Mustering my strength, I screamed, “Don’t you ever fucking touch me again.”
I severed the chains by moving out that same week.
After that, I attempted to go on with my life and moved back in with my parents, feeling as though I had finally cut my relationship with him off forever. Sometimes he would call, leaving voicemails pleading with me to return. I would not respond to his advances.
He had called my mother a few times, but she had always told him that I wasn’t home.
He arrived at my place of employment with a knife strapped to his arm and visible. He had etched my name onto his upper arm, encircling it with a heart and leaving an ‘X’ through it. My manager noticed him and lingered close. I told him he was causing a scene and needed to leave my work. He surprisingly did, and once he was out of view, my manager ran to me to ask if I was okay. I explained I was, and she finally asked, “Do you know him?” I felt embarrassed to admit, “Yes, that’s my ex-boyfriend.”
I eventually started dating a co-worker, and he eventually found out. I felt like he was watching me at all times, and I couldn’t shake off the feeling. He showed up at my house while my new boyfriend was over, and I received several texts asking, “Who is that?”
I tried to tell him it was none of his business, or hopefully push him away by telling him that I had moved on.
I attempted to get a restraining order, fearing he was becoming unhinged. If he showed up at my workplace with a knife visible on his person, I wasn’t sure what else he was capable of.
My heart sank when the judge denied the restraining order; she reasoned that I never stated that I feared for my life.
It all came to a head when I received a voicemail one morning from him saying goodbye and that he was going to take his life. He left my mom a similar voicemail, and she notified the local police. The police arrived at his apartment, discovering that he had attempted to take his own life by overdosing on pills. He was committed to a psychiatric unit for several days. I heard from his sister that once he was well, he moved out of state to live with his father. My fear left with him once he was out of the state.

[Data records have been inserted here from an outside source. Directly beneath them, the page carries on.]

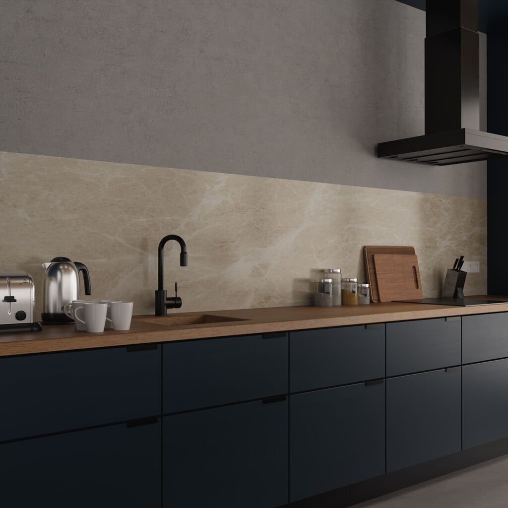 Our cream marble wall panels offer a chic look to your kitchen, bathroom, or toilet. Crafted from ACP, a prime choice for durability and simple installation. This panel is both sturdy and lightweight, comprising thin aluminium layers with a plastic core in between. It’s entirely waterproof, making it perfect for moist spaces like the shower. The matte finish will seamlessly add a touch of elegance to your interior without any hassle. And the best part? You can put it up three times faster than traditional tiles.
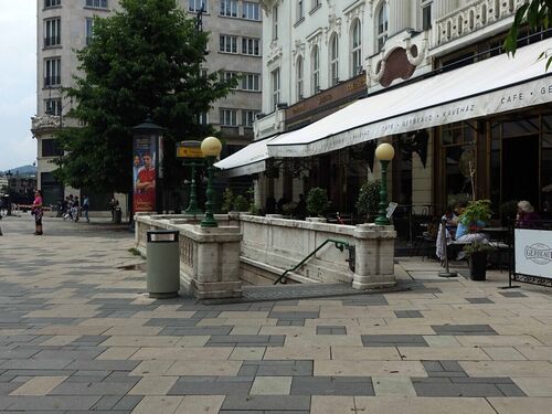 カフェ・ジェルボー前に地下鉄1号線始発駅・ウルシュマルティ広場入口。降りると楽しい地下世界。同線はロンドン、イスタンブールに次ぐ世界で三番目となる1896年開業。電気運転としては世界初であり、当初路線3.7キロ、地表近くを走る。2002年世界遺産とな…
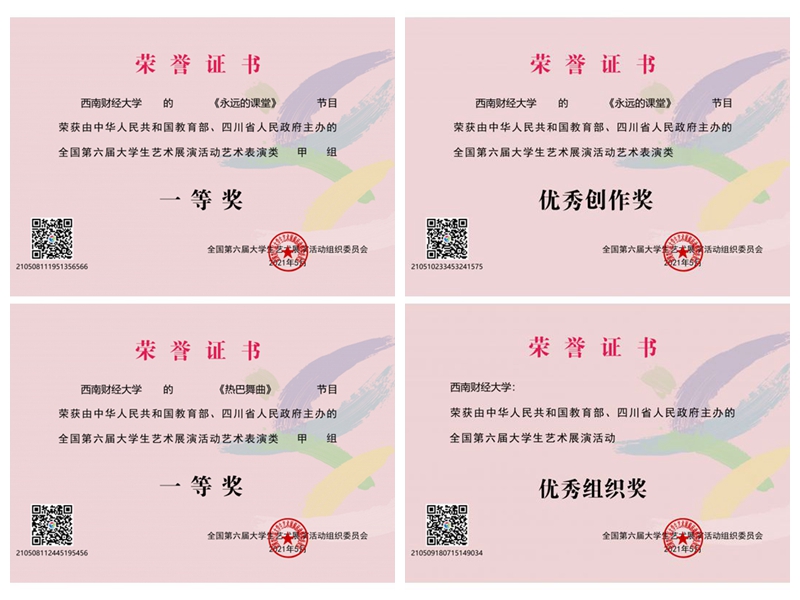 5月6日至12日,全國第六屆大學(xué)生藝術(shù)展演活動在成都城市音樂廳盛大舉行。我校藝術(shù)團(tuán)交響樂團(tuán)的樂器合奏《熱巴舞曲》、舞蹈團(tuán)舞蹈節(jié)目《永遠(yuǎn)的課堂》分別以所在組別四川省一等獎的優(yōu)異成績?nèi)雵珖寡荩渲形璧腹?jié)目《永遠(yuǎn)的課堂》應(yīng)邀參加開幕式演出。12日傳來喜訊,2個(gè)展演節(jié)目雙雙獲全國金獎,學(xué)校獲優(yōu)秀組織獎,《永遠(yuǎn)的課堂》獲優(yōu)秀創(chuàng)作獎共四項(xiàng)大獎,創(chuàng)學(xué)校有史以來最好成績。本次大藝節(jié)再一次集中展示了學(xué)校聚焦美育工作、打造西財(cái)美育文化取得的良好育人成效和豐碩成果,傳遞了西財(cái)青年的文化自信和理想追求。
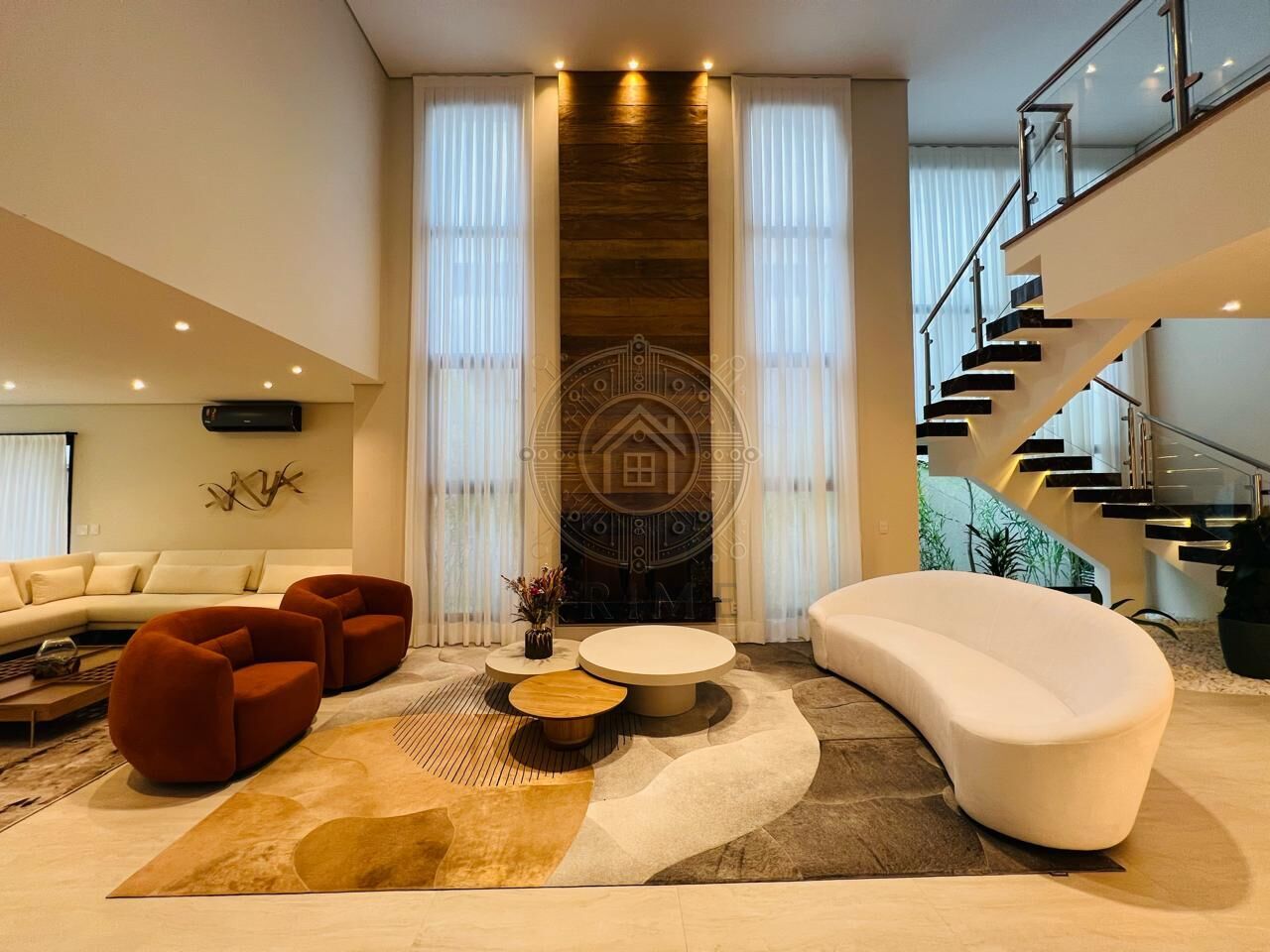 - Sala com pé-direito duplo, proporcionando imponência, iluminação natural abundante e sensação de amplitude.
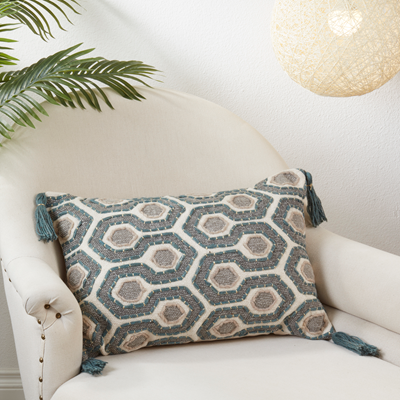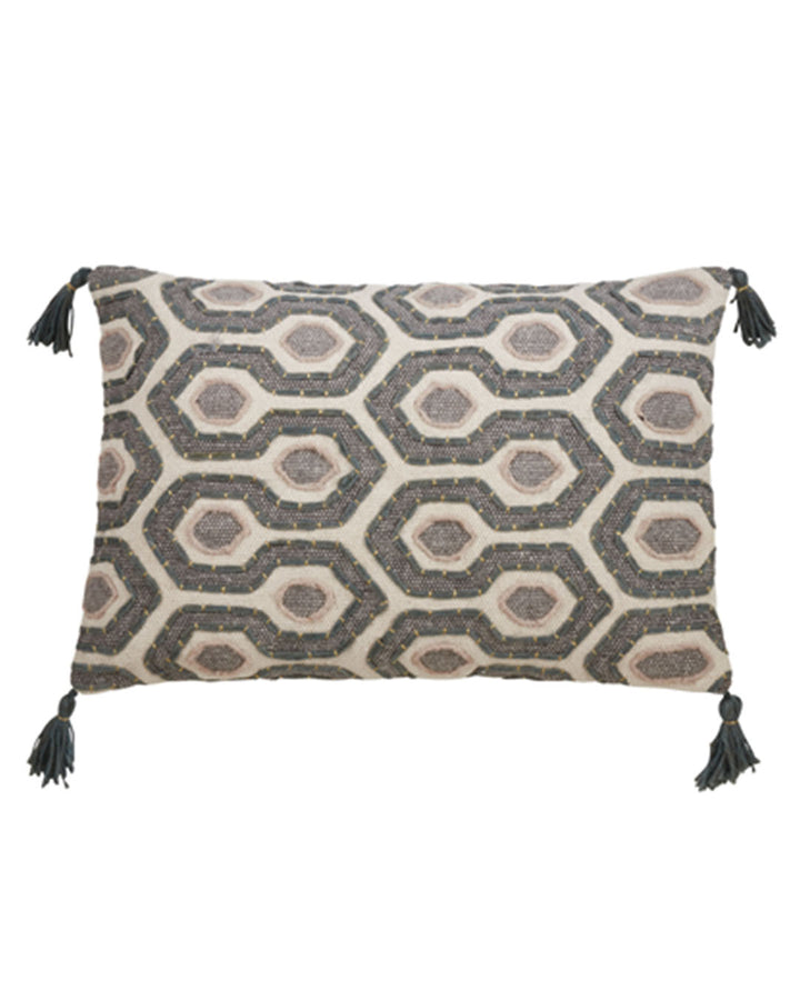 Este cojín se distingue por patrón hexagonal, sus texturas en relieve y sus elegantes borlas en las esquinas, que le añaden un toque artesanal y decorativo.
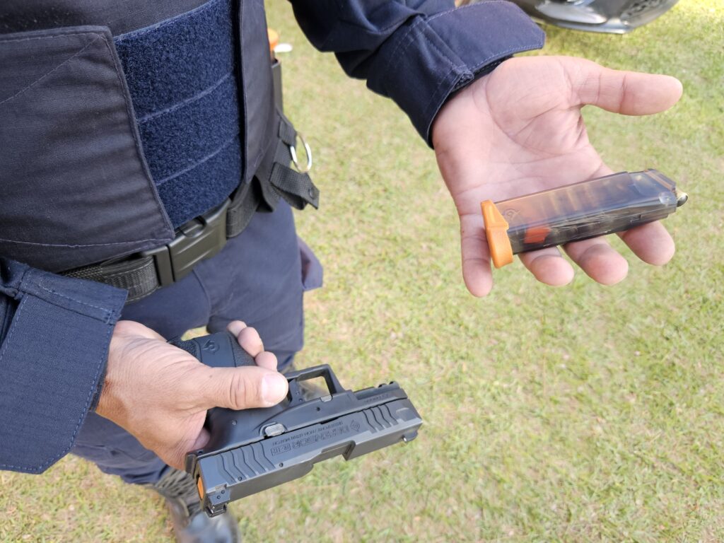 Sobre o armamento menos letal, a pistola utilizada é da marca Condor, com carregador para 12 munições de elastômero. O uso segue protocolo específico: o disparo deve ocorrer a mais de cinco metros de distância do agressor e direcionado aos membros inferiores, para evitar danos graves ou letalidade. “O objetivo é justamente reduzir ao máximo qualquer risco de letalidade, mantendo a eficácia operacional. Essa pistola contribui muito para o trabalho da Guarda Municipal, aumentando a sensação de segurança tanto para o agente quanto para a pessoa abordada”, pontuou Luciano.

Years later, I was wondering what had become of him. After searching online, I discovered he was incarcerated for possessing and distributing child pornography, which made me sick to my stomach. I constantly gave in to my need to be in love and justified his behavior. I felt resentful of myself for attempting to make the relationship work. I sought psychiatric help after realizing that what he had done to me amounted to rape. The realization didn’t hit me until some time later, as I had excused it since we were in a relationship. Therapy showed me that it was not my fault for what had happened to me. He is responsible for his actions, and I feel at peace now knowing he is behind bars.
After being single for a while and taking time for self-reflection and personal growth, I gained clarity on what I wanted in a partner and how to be a better partner myself. Unexpectedly, I met the love of my life, and the journey to get to where I am today was worth it. It took countless relationships that ended up broken to realize that you should not alter someone to fit your idea of “perfect.” The one that is right for you will make all the necessary changes to keep you. You should not have to beg for someone, nor should you have to ask them to stop hurting you, because true love does not hurt.